## Recorded data
___

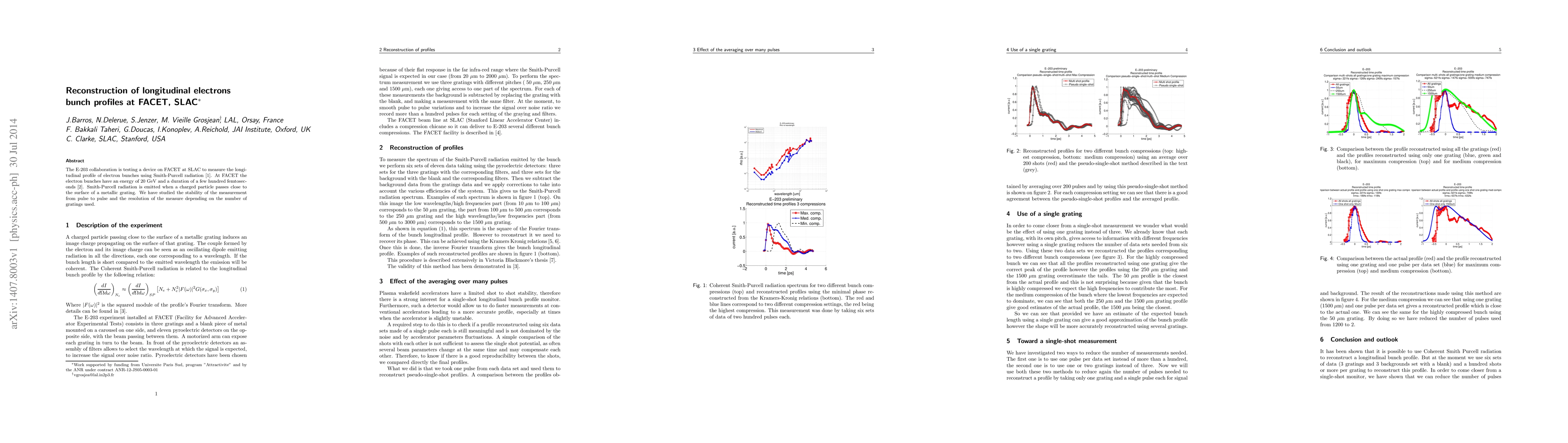 The E-203 collaboration investigates the resolution of longitudinal profile measures of 20 GeV electron bunches using Smith-Purcell radiation emitted from metallic gratings at FACET. The study examines the stability and resolution improvements with varying numbers of gratings and pulses.
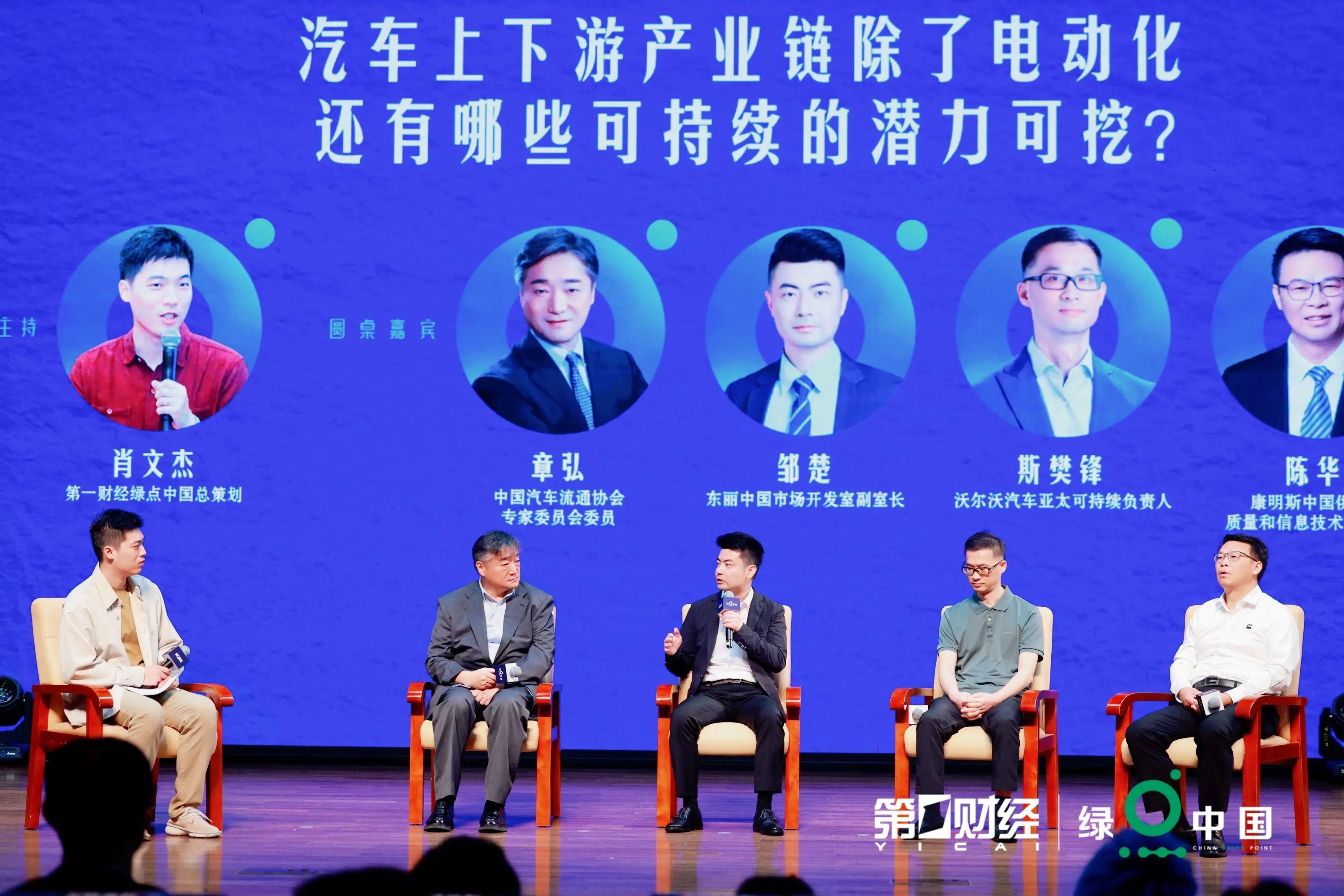 此次论坛还举办了三场行业圆桌讨论,分别聚焦不同产业的可持续发展路径。围绕汽车产业链的绿色转型,第一财经绿点中国总策划肖文杰与中国汽车流通协会专家委员会委员章弘,东丽中国市场开发室副室长邹楚,沃尔沃汽车亚太可持续负责人斯樊锋,康明斯中国供应链、质量和信息技术执行总监陈华探讨汽车上下游产业链中,除了电动化之外的可持续潜力。
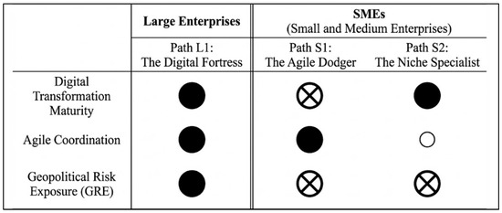The escalation of geopolitical tensions has forced global manufacturers to reconfigure their supply chains. While Digital Transformation (DT) is widely touted as a primary driver of resilience, traditional variance-based research often assumes a symmetric, linear relationship that applies universally across firms. This study challenges this assumption through the lens of Complexity Theory. Viewing supply chains as Complex Adaptive Systems (CASs), we employ Fuzzy-Set Qualitative Comparative Analysis (fsQCA) on a stratified sample of 928 manufacturers in a geopolitical high-risk zone (Taiwan). We identify equifinal pathways to Organizational Resilience, revealing a fundamental asymmetry between organizational types. The results suggest that while large enterprises rely on a resource-intensive strategy—which we term the “Digital Fortress” configurational metaphor (combining high digital maturity and agility as a core condition)—SMEs can achieve high resilience through an “Agile Dodger” configuration, leveraging operational agility and niche positioning without necessitating high digital maturity. This study contributes to the systems literature by mapping the “topology of resilience” and offering tailored configurational pathways that complement traditional variance-based perspectives in volatile ecosystems.

___

Please copy the data shown above, line by line and exactly, omitting the images.

## Result for this task
 The E-203 collaboration investigates the resolution of longitudinal profile measures of 20 GeV electron bunches using Smith-Purcell radiation emitted from metallic gratings at FACET. The study examines the stability and resolution improvements with varying numbers of gratings and pulses.
 此次论坛还举办了三场行业圆桌讨论,分别聚焦不同产业的可持续发展路径。围绕汽车产业链的绿色转型,第一财经绿点中国总策划肖文杰与中国汽车流通协会专家委员会委员章弘,东丽中国市场开发室副室长邹楚,沃尔沃汽车亚太可持续负责人斯樊锋,康明斯中国供应链、质量和信息技术执行总监陈华探讨汽车上下游产业链中,除了电动化之外的可持续潜力。
The escalation of geopolitical tensions has forced global manufacturers to reconfigure their supply chains. While Digital Transformation (DT) is widely touted as a primary driver of resilience, traditional variance-based research often assumes a symmetric, linear relationship that applies universally across firms. This study challenges this assumption through the lens of Complexity Theory. Viewing supply chains as Complex Adaptive Systems (CASs), we employ Fuzzy-Set Qualitative Comparative Analysis (fsQCA) on a stratified sample of 928 manufacturers in a geopolitical high-risk zone (Taiwan). We identify equifinal pathways to Organizational Resilience, revealing a fundamental asymmetry between organizational types. The results suggest that while large enterprises rely on a resource-intensive strategy—which we term the “Digital Fortress” configurational metaphor (combining high digital maturity and agility as a core condition)—SMEs can achieve high resilience through an “Agile Dodger” configuration, leveraging operational agility and niche positioning without necessitating high digital maturity. This study contributes to the systems literature by mapping the “topology of resilience” and offering tailored configurational pathways that complement traditional variance-based perspectives in volatile ecosystems.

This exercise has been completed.